Skip to main content

LAB-Bench environments implemented with aviary

Project description

aviary.labbench

LAB-Bench environments implemented with aviary, allowing agents to perform question answering on scientific tasks.

Installation

To install the LAB-Bench environment, run:

pip install 'fhaviary[labbench]'

Usage

In labbench/env.py, you will find:

  • GradablePaperQAEnvironment: an PaperQA-backed environment that can grade answers given an evaluation function.
  • ImageQAEnvironment: an GradablePaperQAEnvironment subclass for QA where image(s) are pre-added.

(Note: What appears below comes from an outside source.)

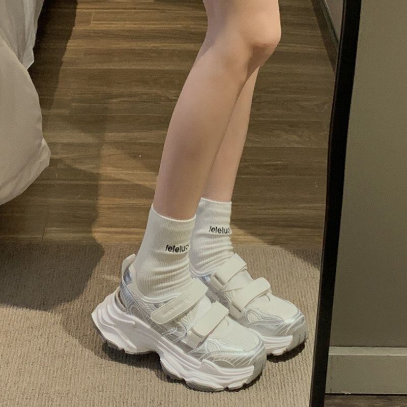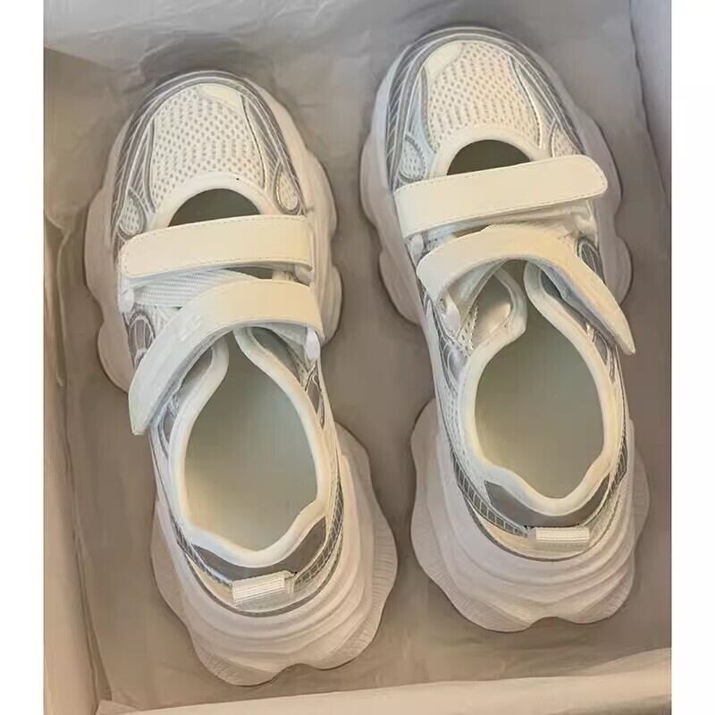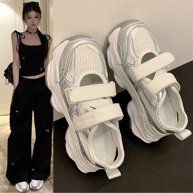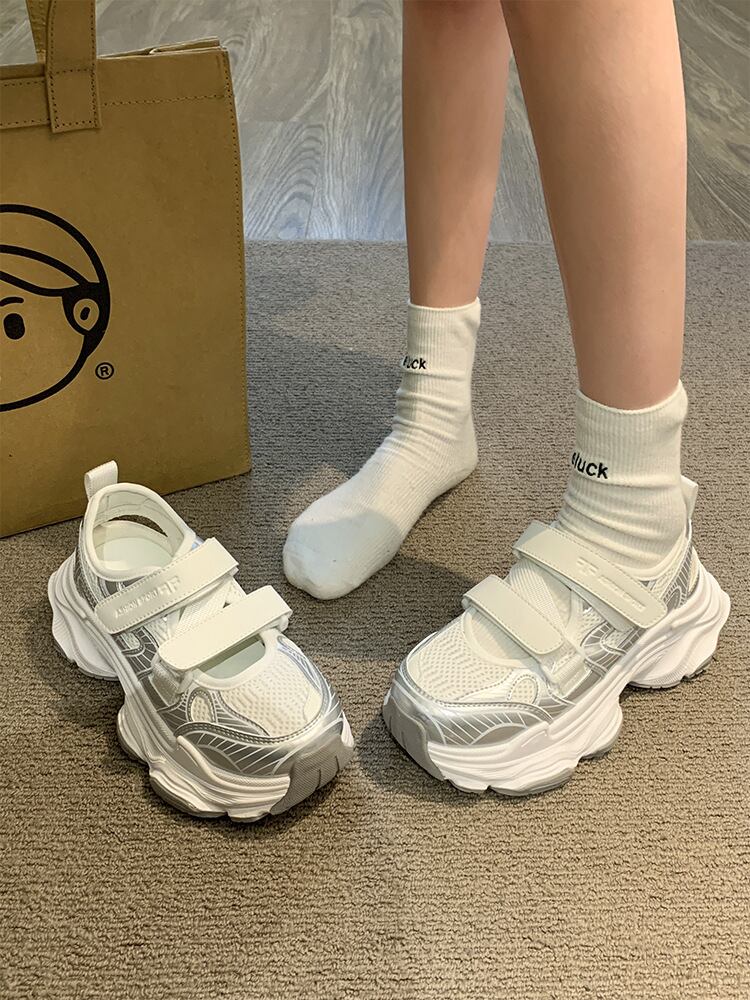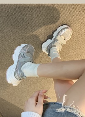 通気性の良いメッシュ素材が春夏の足元を爽やかに演出。厚底効果で脚長&美脚見えしつつ、スポーティーかつクールな印象を与えます。

And in labbench/task.py, you will find:

  • TextQATaskDataset: a task dataset designed to pull down FigQA, LitQA2, or TableQA from Hugging Face, and create one GradablePaperQAEnvironment per question.
  • ImageQATaskDataset: a task dataset that pairs with ImageQAEnvironment for FigQA or TableQA.

Here is an example of how to use them:

import os

from ldp.agent import SimpleAgent
from ldp.alg import Evaluator, EvaluatorConfig, MeanMetricsCallback
from paperqa import Settings

from aviary.env import TaskDataset


async def evaluate(folder_of_litqa_v2_papers: str | os.PathLike) -> None:
    settings = Settings(paper_directory=folder_of_litqa_v2_papers)
    dataset = TaskDataset.from_name("litqa2", settings=settings)
    metrics_callback = MeanMetricsCallback(eval_dataset=dataset)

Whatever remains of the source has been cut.